Given information:
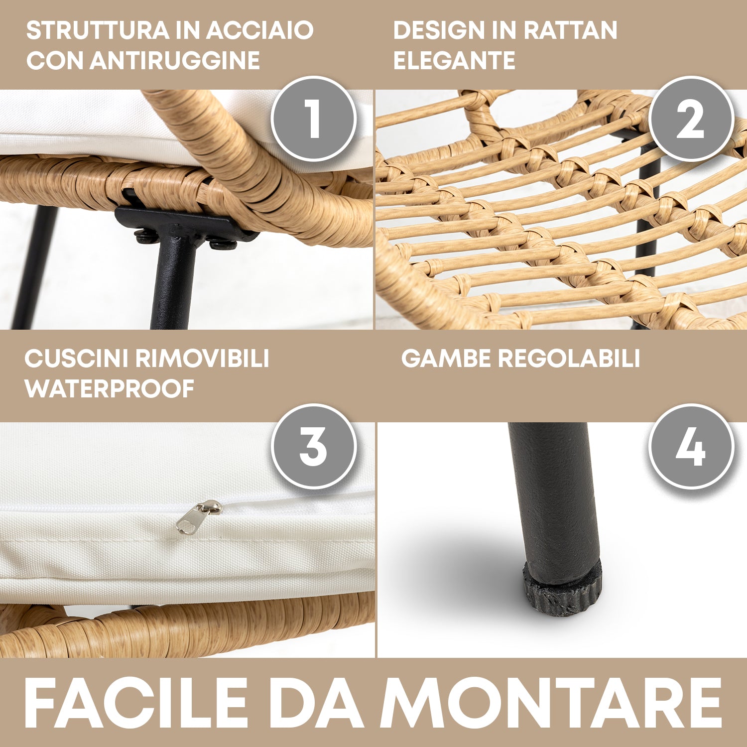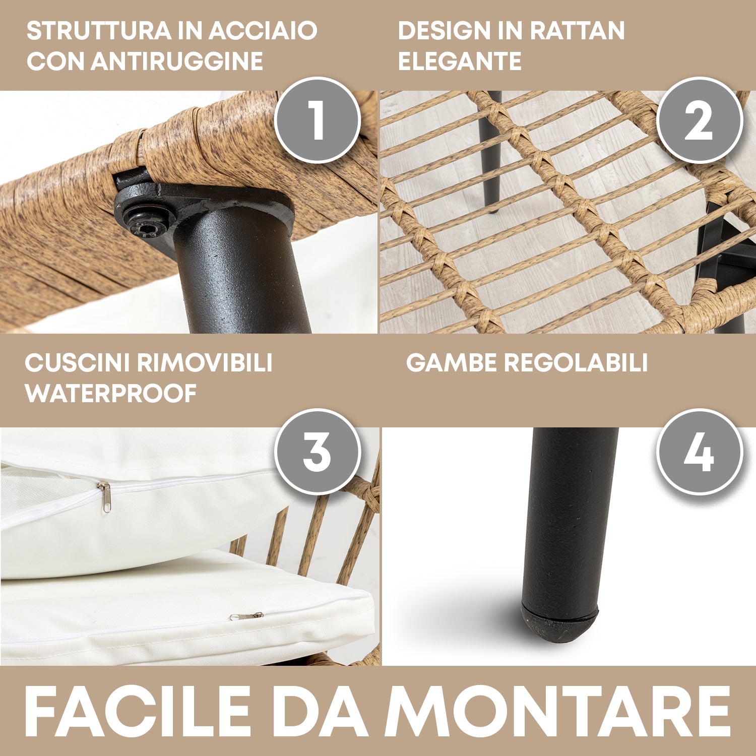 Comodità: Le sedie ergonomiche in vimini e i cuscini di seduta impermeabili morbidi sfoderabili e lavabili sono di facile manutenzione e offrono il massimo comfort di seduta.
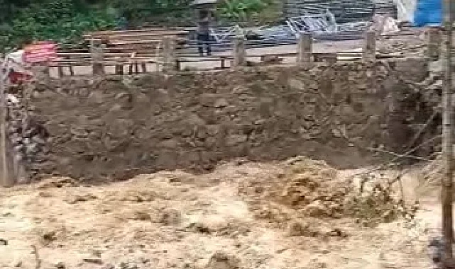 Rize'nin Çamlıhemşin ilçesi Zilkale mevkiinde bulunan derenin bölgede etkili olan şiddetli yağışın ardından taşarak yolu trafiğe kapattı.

==

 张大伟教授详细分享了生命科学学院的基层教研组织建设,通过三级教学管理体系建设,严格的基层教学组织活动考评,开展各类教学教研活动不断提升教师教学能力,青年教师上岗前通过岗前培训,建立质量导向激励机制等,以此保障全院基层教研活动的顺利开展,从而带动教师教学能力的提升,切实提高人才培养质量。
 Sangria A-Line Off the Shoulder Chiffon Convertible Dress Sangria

--

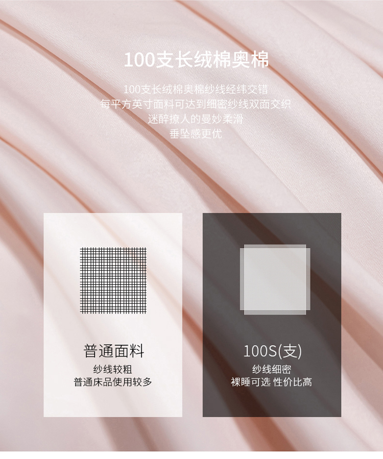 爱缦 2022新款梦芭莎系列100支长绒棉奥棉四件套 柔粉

Activity: Although the records above contain pictures, the copy should not; retype exactly the lines from the one containing "Comodità: Le sedie" through the one containing "Rize'nin Çamlıhemşin ilçesi".

Exercise result:
 Comodità: Le sedie ergonomiche in vimini e i cuscini di seduta impermeabili morbidi sfoderabili e lavabili sono di facile manutenzione e offrono il massimo comfort di seduta.
 Rize'nin Çamlıhemşin ilçesi Zilkale mevkiinde bulunan derenin bölgede etkili olan şiddetli yağışın ardından taşarak yolu trafiğe kapattı.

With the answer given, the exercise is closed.